An exact restatement of the data is required, with the images omitted.

(Information supplied):
-=-=-=-=-

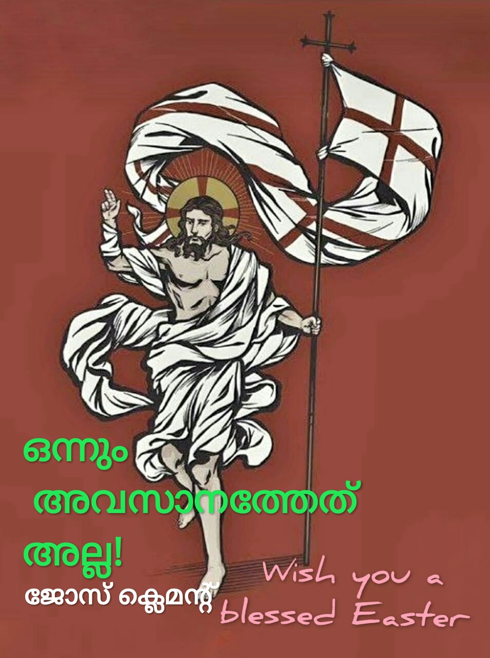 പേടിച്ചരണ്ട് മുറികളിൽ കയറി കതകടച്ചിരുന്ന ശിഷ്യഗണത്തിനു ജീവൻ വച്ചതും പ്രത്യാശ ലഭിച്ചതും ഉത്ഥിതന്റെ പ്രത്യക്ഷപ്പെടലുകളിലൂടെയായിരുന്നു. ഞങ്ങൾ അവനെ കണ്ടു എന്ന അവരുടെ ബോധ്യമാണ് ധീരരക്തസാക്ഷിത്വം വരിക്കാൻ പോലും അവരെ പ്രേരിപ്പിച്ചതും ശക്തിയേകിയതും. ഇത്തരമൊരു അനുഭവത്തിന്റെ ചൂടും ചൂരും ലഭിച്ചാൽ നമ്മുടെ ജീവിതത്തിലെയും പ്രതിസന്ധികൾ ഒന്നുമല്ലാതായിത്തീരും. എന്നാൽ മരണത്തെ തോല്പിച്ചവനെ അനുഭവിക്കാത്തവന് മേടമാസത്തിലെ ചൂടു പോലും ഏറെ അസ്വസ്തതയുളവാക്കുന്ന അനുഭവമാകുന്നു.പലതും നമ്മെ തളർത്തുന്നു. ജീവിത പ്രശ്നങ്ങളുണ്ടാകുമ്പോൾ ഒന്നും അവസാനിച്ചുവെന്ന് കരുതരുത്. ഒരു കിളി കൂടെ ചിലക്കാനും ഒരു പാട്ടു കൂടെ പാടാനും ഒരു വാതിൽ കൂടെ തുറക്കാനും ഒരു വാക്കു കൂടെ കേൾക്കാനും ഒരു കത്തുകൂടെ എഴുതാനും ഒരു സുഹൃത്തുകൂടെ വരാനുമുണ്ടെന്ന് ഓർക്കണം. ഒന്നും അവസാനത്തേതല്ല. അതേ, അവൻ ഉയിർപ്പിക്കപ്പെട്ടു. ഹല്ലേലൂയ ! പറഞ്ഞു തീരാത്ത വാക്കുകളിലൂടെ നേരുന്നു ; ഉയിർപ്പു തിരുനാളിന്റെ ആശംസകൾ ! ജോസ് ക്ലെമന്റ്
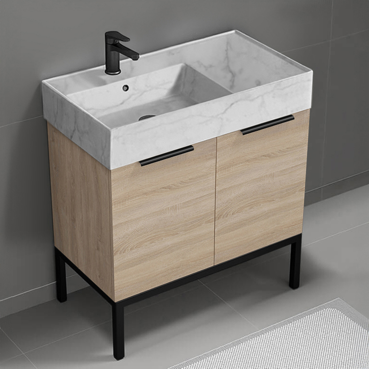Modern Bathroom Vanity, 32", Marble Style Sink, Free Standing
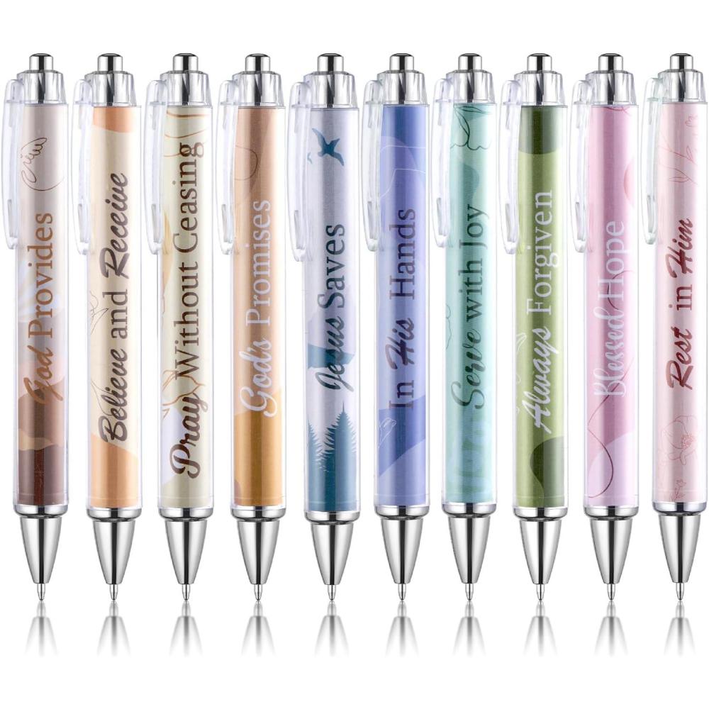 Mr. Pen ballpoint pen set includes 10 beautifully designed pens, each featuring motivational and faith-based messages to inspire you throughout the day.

-=-=-=-=-

(Response for this exercise):
 പേടിച്ചരണ്ട് മുറികളിൽ കയറി കതകടച്ചിരുന്ന ശിഷ്യഗണത്തിനു ജീവൻ വച്ചതും പ്രത്യാശ ലഭിച്ചതും ഉത്ഥിതന്റെ പ്രത്യക്ഷപ്പെടലുകളിലൂടെയായിരുന്നു. ഞങ്ങൾ അവനെ കണ്ടു എന്ന അവരുടെ ബോധ്യമാണ് ധീരരക്തസാക്ഷിത്വം വരിക്കാൻ പോലും അവരെ പ്രേരിപ്പിച്ചതും ശക്തിയേകിയതും. ഇത്തരമൊരു അനുഭവത്തിന്റെ ചൂടും ചൂരും ലഭിച്ചാൽ നമ്മുടെ ജീവിതത്തിലെയും പ്രതിസന്ധികൾ ഒന്നുമല്ലാതായിത്തീരും. എന്നാൽ മരണത്തെ തോല്പിച്ചവനെ അനുഭവിക്കാത്തവന് മേടമാസത്തിലെ ചൂടു പോലും ഏറെ അസ്വസ്തതയുളവാക്കുന്ന അനുഭവമാകുന്നു.പലതും നമ്മെ തളർത്തുന്നു. ജീവിത പ്രശ്നങ്ങളുണ്ടാകുമ്പോൾ ഒന്നും അവസാനിച്ചുവെന്ന് കരുതരുത്. ഒരു കിളി കൂടെ ചിലക്കാനും ഒരു പാട്ടു കൂടെ പാടാനും ഒരു വാതിൽ കൂടെ തുറക്കാനും ഒരു വാക്കു കൂടെ കേൾക്കാനും ഒരു കത്തുകൂടെ എഴുതാനും ഒരു സുഹൃത്തുകൂടെ വരാനുമുണ്ടെന്ന് ഓർക്കണം. ഒന്നും അവസാനത്തേതല്ല. അതേ, അവൻ ഉയിർപ്പിക്കപ്പെട്ടു. ഹല്ലേലൂയ ! പറഞ്ഞു തീരാത്ത വാക്കുകളിലൂടെ നേരുന്നു ; ഉയിർപ്പു തിരുനാളിന്റെ ആശംസകൾ ! ജോസ് ക്ലെമന്റ്
Modern Bathroom Vanity, 32", Marble Style Sink, Free Standing
 Mr. Pen ballpoint pen set includes 10 beautifully designed pens, each featuring motivational and faith-based messages to inspire you throughout the day.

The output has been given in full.